I started DJing in small bars in the East Village with fellow Dubliner Marcus Lambkin and we wanted to start a label. When we met Tyler Brodie in 1996 we talked about starting a label. Tyler wanted a few creative organizations under one roof and his company was called Plantain. Plant was part of that word. Tyler also introduced us to his friend James Murphy who was then a punk rock engineer and the other label and studio that James started under the Plantain umbrella went on to become DFA.
The first release on Plant Music was DJ Wool’s (aka Glen Brady, who I later did a band with, The Glass) “100% Pure New Wool” in 1997. The label then quickly turned into a string of parties and a promotions company with Marcus & I holding down residencies all over New York.
Tell us more about Plant Bar?
By 1999 we were doing bigger and bigger parties and were mostly playing house and some techno. We were a bit sick of filling other people’s venues so when a bar in the basement of the building I lived in on East 3rd Street in Alphabet City called Latin in Manhattan was not doing so well I approached the landlord and we came up with the idea for Plant Bar.

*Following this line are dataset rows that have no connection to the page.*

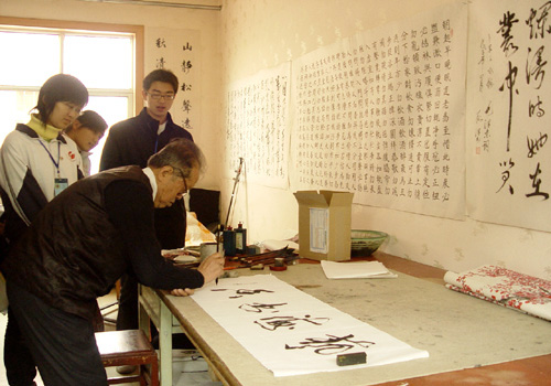 红十字爱心协会代表校区(学院)向社会福利院敬献了题为“温暖人间,服务社会”的锦旗,感谢他们为福利事业所作出的贡献。同学们与福利院的老人们围坐在一起,畅谈奥运和国家的政治、经济、社会发展的可喜变化。此外,同学们还为老人们表演了精心准备的节目,如《红灯记》、《女驸马》等多首曲目的选段和自创舞蹈等,为老人们带去欢声笑语。精神矍铄的老人们也即兴表演了节目。一位老人兴高采烈地为同学们表演了二胡独奏,并现场挥毫“大展宏图”、“艺海书乡” 两幅作品并将其送给红十字爱心协会留作纪念,社会福利院里洋溢着融融的暖意。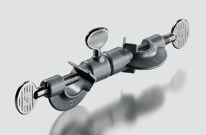 Zur drehbaren Verbindung von Stäben, mit zwei Klemmschrauben und einer Spannschraube für das Drehgelenk.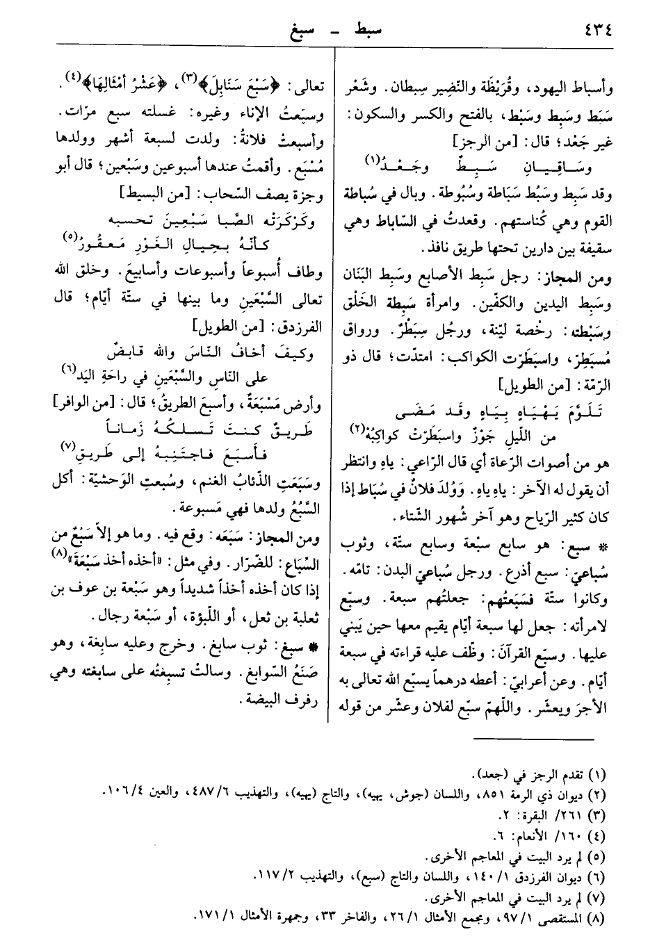 ومن المجاز: سبعه: وقع فيه. وما هو إلا سبع من السباع: للضرار. وفي مثل " أخذه أخذ سبعة " إذا كان أخذه أخذاً شديداً وهو سبعة بن عوف بن ثعلبة بن ثعل، أو اللبؤة، أو سبعة رجال.
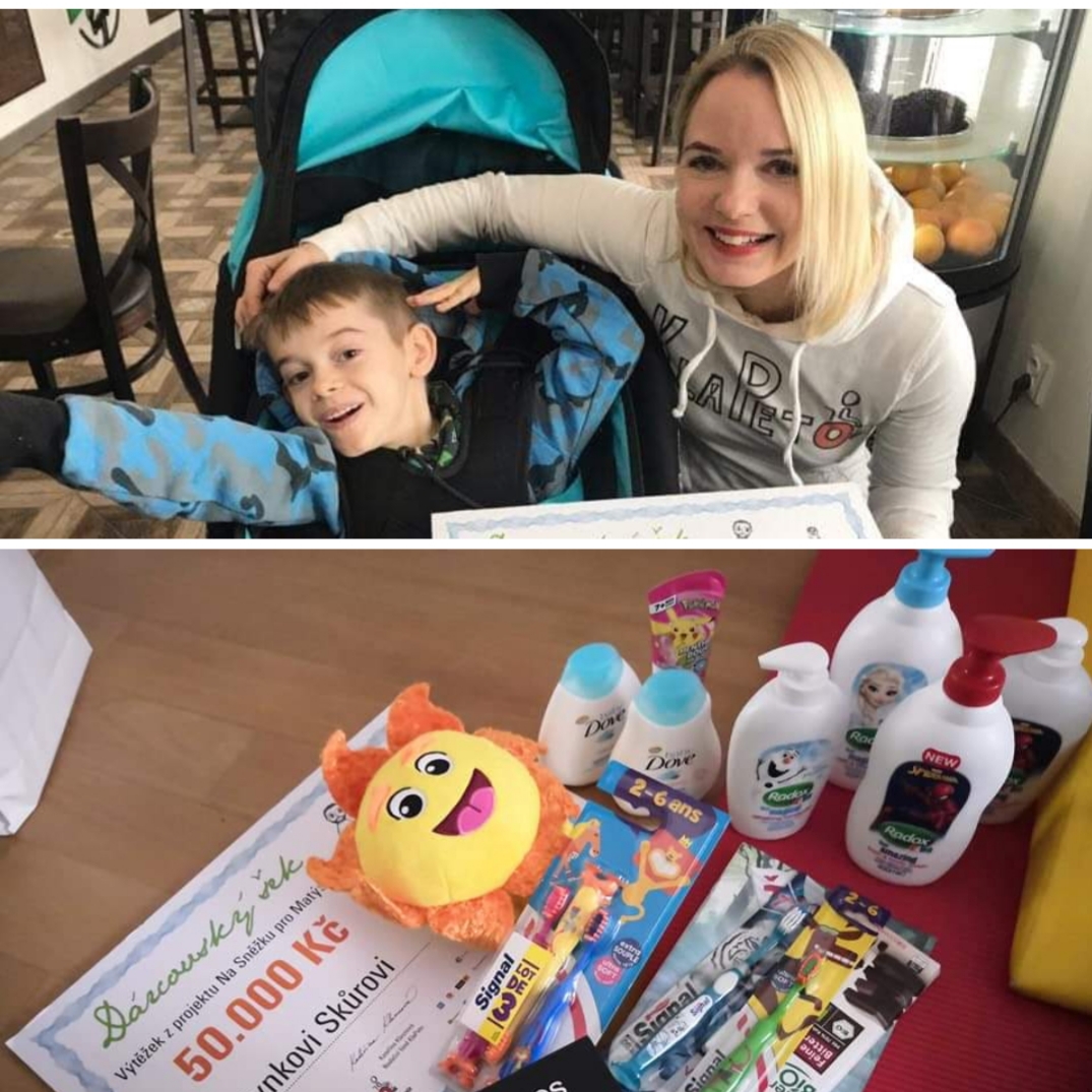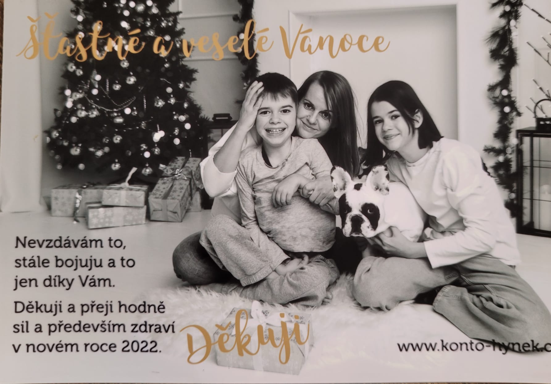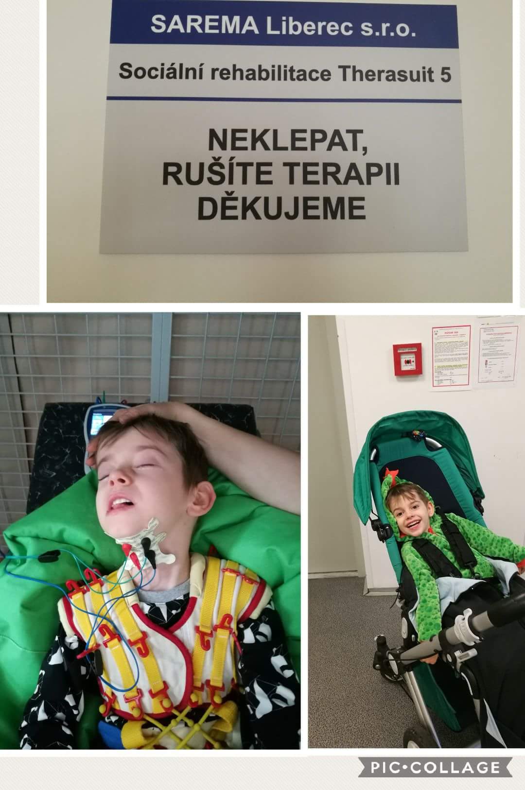 Na začátku měsíce jsem znovu cvičil v Praze, v Axonu. Dokonce jsme tam společně s mojí fyzioterapeutkou Irenkou oslavili i Mikuláše. I nadílka byla. Pak jsme opět onemocněli a tentokrát všichni, já ,Nelinka i máma. Prosinec je měsíc bilancování, chci poděkovat všem, kteří mi jakkoliv během tohoto roku pomohli. Děkuji za podporu, pomoc, energii, kterou mi dáváte. Nebýt Vás, nejsem tak daleko… A samozřejmě mnohokrát děkuji za finanční podporu, díky které můžeme jít za svým snem. Na vánočních trzích v ZŠ Tuřany pro mě děti nastřádaly 15.000Kč a 3.ZŠ Slaný 4.000Kč. Paní Jitka upekla opět překrásné perníčky i pro mé kamarády. V prosinci jsme také slavili kulatiny táty, ségry i babičky. Vánoce jsme slavili celá rodina pohromadě, je to pro nás velmi vzácný čas, protože během roku s mami objíždíme různé rehabilitační programy. Byl u nás i Ježíšek. Velkou radost mám z opice, směje se tak nahlas, až to s ní práskne na záda a to se pak řehtám já, děsně se mi líbí. A rok jsme zakončili parádně, Silvestrovský běh pro mě a kamaráda Adámka se prostě povedl. V Modřanech, v Praze se sešlo ještě víc lidí než loni, sešli se lidé, kteří chtějí pomáhat. Znovu dorazili a 5km běželi známí i neznámí: můj táta Jirka, Roman Pála, Ondřej Pála, bratři Svobodové, Šneci v běhu, Moravan Louňovice, boxeři Praha, Caffé Prokopio, Karel Kleinmond, Verunka a Zuzanka Kolářových, Jirka Trnka, Bára a Radek Liškovi, Bára Neumannová a spousta dalších prima lidiček…Bylo to veselé a milé. Srdečně přeji šťastný nový rok 2020.

We opened in August of 1999. It was a tiny place. The Face Magazine did a two page spread on it and called it “The coolest, Loudest bar on earth”. We had amazing people come through and DJ like Ad Rock, Felix Da Housecat, Fatboy Slim, Erol Alkan, Pete Tong, MF Doom, 2 Many DJs and many many more. The bar closed in 2004.

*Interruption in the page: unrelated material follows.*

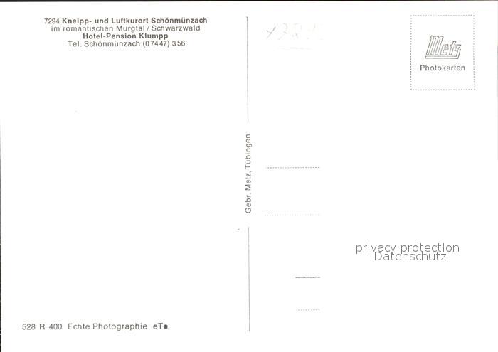 41801382 Schoenmuenzach Hotel-Pension Klumpp postalisch nicht gelaufen Erhaltung siehe scans KatCode: 11110008237004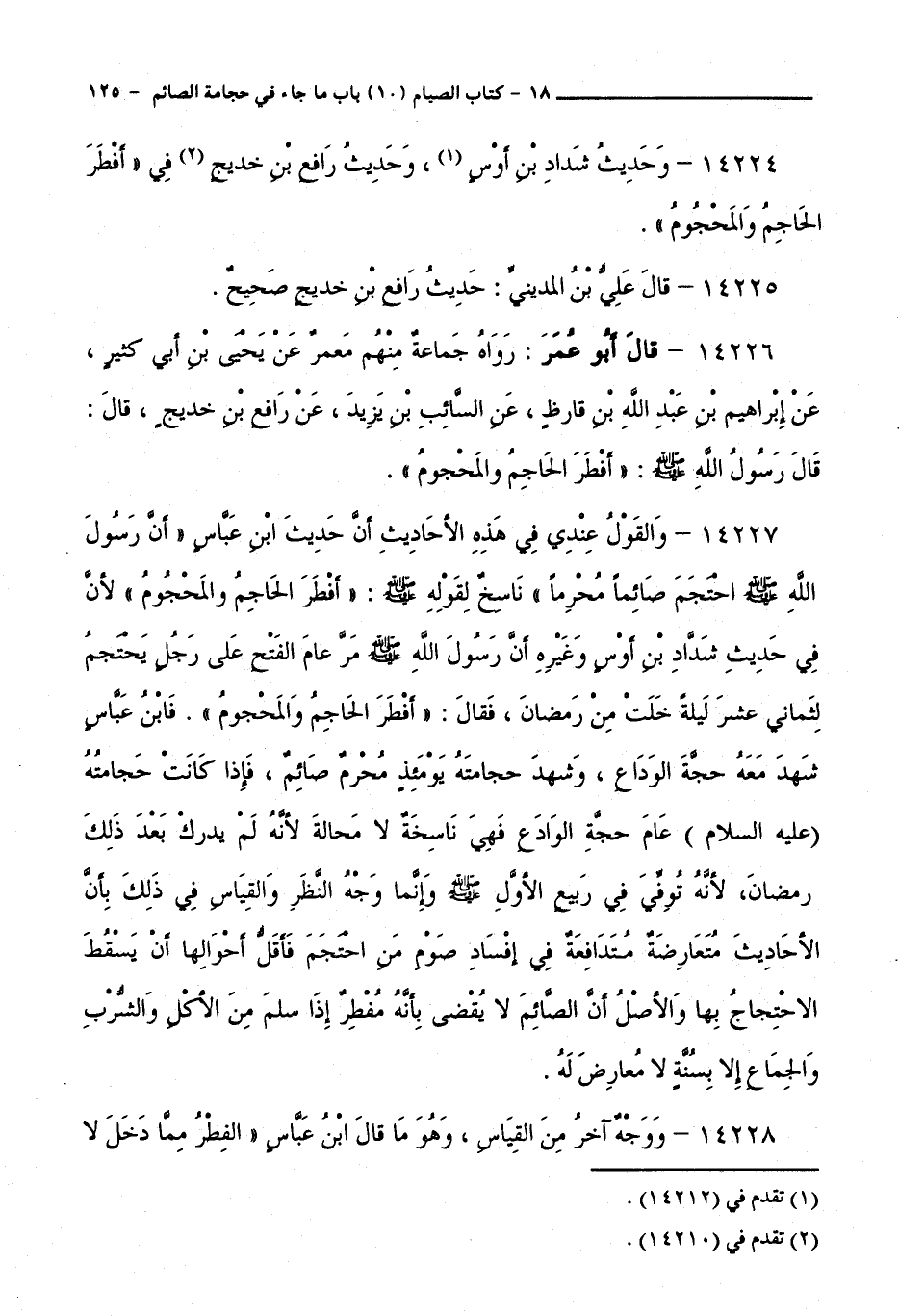14225 - قَالَ: عَلِيُّ بْنُ الْمَدِينِيِّ: حَدِيثُ رَافِعِ بْنِ خَدِيجٍ صَحِيحٌ.

How/why did DJ Stretch Armstrong get involved?
Marcus moved to Germany in 2003 and I had been running the label on my own. I had known Stretch for a few years and I saw him out one night and I asked him if he wanted to get involved with the label and he said, sure. He brought artists like Tisstowrth and Eli Escobar to the label and I think we released some of our best music in that time period including Kasper Bjorke’s debut album ‘Gumbo” and Clubfeet’s “Gold on Gold”.
What releases are you promoting at the moment?
I just released an EP with Luka Tacon which just got a great review in XLR8R and another EP with Los Angeles’ Gem1n1seven which features a downtempo remix by Dublin’s Grouse. I released two volumes of a compilation series called Love Me with artwork by Stretch’s buddy Curtis Kulig that I really like and are well worth a listen as well as Ian Pooley last album in North America.